- Records excerpted from a collection

:::

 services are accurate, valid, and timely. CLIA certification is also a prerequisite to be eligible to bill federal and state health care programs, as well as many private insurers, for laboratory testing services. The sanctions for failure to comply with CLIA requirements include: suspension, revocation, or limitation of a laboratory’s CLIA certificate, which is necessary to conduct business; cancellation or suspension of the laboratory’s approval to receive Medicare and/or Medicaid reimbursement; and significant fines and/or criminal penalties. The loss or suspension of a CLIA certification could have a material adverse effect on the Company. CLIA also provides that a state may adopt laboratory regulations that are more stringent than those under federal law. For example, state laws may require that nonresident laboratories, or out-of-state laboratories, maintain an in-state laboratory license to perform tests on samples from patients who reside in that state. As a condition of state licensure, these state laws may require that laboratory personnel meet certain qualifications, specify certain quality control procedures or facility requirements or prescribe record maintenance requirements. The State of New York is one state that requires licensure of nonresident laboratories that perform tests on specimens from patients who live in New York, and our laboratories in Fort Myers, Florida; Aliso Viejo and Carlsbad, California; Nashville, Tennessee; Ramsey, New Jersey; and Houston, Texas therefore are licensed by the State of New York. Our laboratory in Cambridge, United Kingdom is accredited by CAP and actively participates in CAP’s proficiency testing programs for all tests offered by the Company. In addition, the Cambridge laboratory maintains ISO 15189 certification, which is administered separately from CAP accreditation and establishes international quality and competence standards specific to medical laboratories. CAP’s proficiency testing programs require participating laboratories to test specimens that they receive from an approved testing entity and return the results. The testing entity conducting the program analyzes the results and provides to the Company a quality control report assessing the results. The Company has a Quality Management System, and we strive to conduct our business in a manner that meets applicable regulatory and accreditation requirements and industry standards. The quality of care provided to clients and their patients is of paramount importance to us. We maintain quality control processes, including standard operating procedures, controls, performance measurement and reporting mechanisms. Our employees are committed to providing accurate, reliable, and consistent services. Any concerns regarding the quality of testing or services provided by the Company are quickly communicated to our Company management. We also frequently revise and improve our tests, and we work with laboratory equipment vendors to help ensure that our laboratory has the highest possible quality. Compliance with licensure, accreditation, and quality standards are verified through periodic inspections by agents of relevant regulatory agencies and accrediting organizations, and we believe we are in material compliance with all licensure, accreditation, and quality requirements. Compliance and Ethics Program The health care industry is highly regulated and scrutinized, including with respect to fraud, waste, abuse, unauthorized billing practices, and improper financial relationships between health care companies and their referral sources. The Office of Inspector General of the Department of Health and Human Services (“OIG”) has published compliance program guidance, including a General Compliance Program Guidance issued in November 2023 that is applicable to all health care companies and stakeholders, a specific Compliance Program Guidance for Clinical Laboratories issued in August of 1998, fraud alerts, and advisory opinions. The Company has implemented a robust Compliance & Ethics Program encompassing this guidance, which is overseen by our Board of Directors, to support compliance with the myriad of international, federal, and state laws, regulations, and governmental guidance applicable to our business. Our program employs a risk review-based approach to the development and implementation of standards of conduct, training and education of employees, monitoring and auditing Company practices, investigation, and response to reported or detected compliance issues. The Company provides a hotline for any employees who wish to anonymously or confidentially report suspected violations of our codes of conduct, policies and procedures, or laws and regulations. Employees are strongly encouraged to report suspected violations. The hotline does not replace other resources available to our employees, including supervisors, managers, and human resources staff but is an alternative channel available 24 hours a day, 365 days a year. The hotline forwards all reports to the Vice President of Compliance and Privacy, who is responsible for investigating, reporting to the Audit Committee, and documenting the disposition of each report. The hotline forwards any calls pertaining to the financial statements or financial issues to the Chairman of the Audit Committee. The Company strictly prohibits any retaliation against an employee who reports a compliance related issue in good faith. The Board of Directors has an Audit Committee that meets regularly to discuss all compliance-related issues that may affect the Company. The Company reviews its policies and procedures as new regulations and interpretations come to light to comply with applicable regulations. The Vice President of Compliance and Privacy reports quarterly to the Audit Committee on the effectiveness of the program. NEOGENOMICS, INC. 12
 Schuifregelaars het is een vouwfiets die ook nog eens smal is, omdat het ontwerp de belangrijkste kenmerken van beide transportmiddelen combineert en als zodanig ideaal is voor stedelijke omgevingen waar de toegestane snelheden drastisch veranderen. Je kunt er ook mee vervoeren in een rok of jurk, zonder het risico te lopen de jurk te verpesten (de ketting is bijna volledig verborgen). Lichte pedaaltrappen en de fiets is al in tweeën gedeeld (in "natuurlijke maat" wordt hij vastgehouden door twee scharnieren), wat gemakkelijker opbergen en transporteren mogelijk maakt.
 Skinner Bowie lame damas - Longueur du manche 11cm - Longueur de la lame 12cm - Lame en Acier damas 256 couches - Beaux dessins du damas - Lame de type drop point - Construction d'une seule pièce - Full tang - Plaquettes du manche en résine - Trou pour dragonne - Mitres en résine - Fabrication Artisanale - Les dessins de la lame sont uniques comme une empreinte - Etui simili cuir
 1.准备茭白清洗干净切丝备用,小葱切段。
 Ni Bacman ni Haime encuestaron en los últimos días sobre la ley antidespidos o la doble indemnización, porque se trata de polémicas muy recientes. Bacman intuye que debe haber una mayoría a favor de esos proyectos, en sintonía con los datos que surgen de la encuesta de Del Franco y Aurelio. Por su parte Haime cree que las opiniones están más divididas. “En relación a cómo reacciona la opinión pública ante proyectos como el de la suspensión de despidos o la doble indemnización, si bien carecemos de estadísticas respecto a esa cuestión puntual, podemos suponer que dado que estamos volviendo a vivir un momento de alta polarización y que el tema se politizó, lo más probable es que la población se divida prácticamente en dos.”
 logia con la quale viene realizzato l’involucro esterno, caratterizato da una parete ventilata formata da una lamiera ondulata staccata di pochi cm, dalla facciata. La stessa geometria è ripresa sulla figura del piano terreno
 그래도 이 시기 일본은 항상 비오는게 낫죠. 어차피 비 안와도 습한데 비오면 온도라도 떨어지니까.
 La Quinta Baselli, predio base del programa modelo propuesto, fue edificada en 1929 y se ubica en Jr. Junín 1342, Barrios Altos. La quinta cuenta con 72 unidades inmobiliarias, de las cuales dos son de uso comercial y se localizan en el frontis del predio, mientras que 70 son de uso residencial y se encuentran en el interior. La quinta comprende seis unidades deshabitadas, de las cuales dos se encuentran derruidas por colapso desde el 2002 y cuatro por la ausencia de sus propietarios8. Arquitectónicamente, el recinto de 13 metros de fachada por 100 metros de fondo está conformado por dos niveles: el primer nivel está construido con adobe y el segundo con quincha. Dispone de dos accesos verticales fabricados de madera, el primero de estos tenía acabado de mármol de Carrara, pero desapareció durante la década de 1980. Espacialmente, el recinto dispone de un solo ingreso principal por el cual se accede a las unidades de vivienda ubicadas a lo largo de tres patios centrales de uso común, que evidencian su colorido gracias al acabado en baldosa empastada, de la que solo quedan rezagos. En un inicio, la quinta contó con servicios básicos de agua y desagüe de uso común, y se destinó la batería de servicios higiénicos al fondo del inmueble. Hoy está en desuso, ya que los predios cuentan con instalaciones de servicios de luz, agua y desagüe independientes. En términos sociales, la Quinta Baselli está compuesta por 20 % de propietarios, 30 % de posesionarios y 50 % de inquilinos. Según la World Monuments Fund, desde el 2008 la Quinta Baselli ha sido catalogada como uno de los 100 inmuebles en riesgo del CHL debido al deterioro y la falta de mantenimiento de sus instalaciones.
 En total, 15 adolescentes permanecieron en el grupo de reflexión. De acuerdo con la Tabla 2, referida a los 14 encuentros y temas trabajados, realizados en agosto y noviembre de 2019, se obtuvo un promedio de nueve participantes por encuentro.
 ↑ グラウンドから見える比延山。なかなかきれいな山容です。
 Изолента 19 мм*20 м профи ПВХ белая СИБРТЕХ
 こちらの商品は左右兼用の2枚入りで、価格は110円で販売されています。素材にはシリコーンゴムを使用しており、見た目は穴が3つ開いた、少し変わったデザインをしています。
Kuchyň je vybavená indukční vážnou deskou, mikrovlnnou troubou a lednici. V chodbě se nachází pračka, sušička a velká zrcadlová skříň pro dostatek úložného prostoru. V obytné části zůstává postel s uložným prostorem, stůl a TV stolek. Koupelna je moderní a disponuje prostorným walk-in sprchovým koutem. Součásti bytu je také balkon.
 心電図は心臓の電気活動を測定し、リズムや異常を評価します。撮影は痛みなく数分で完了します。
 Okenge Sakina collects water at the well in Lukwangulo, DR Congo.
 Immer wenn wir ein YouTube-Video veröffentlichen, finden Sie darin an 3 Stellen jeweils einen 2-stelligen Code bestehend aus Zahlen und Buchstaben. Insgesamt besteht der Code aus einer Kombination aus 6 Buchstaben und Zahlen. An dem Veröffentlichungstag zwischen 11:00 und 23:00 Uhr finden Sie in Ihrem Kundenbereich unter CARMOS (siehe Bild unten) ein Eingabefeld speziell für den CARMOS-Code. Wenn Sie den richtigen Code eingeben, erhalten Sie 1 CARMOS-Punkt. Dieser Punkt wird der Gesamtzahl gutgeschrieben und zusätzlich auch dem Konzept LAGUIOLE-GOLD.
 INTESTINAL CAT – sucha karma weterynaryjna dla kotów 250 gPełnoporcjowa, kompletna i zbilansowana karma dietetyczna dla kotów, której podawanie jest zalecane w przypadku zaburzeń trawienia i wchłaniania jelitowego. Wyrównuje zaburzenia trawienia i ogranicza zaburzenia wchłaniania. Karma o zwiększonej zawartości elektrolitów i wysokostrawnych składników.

:::

- WHAT THE TASK REQUIRES
The lines to extract from the data above begin with the line containing "Kuchyň je vybavená" and end with the line containing "Okenge Sakina collects". Extract them exactly, including both.

- SOLVED EXERCISE
Kuchyň je vybavená indukční vážnou deskou, mikrovlnnou troubou a lednici. V chodbě se nachází pračka, sušička a velká zrcadlová skříň pro dostatek úložného prostoru. V obytné části zůstává postel s uložným prostorem, stůl a TV stolek. Koupelna je moderní a disponuje prostorným walk-in sprchovým koutem. Součásti bytu je také balkon.
 心電図は心臓の電気活動を測定し、リズムや異常を評価します。撮影は痛みなく数分で完了します。
 Okenge Sakina collects water at the well in Lukwangulo, DR Congo.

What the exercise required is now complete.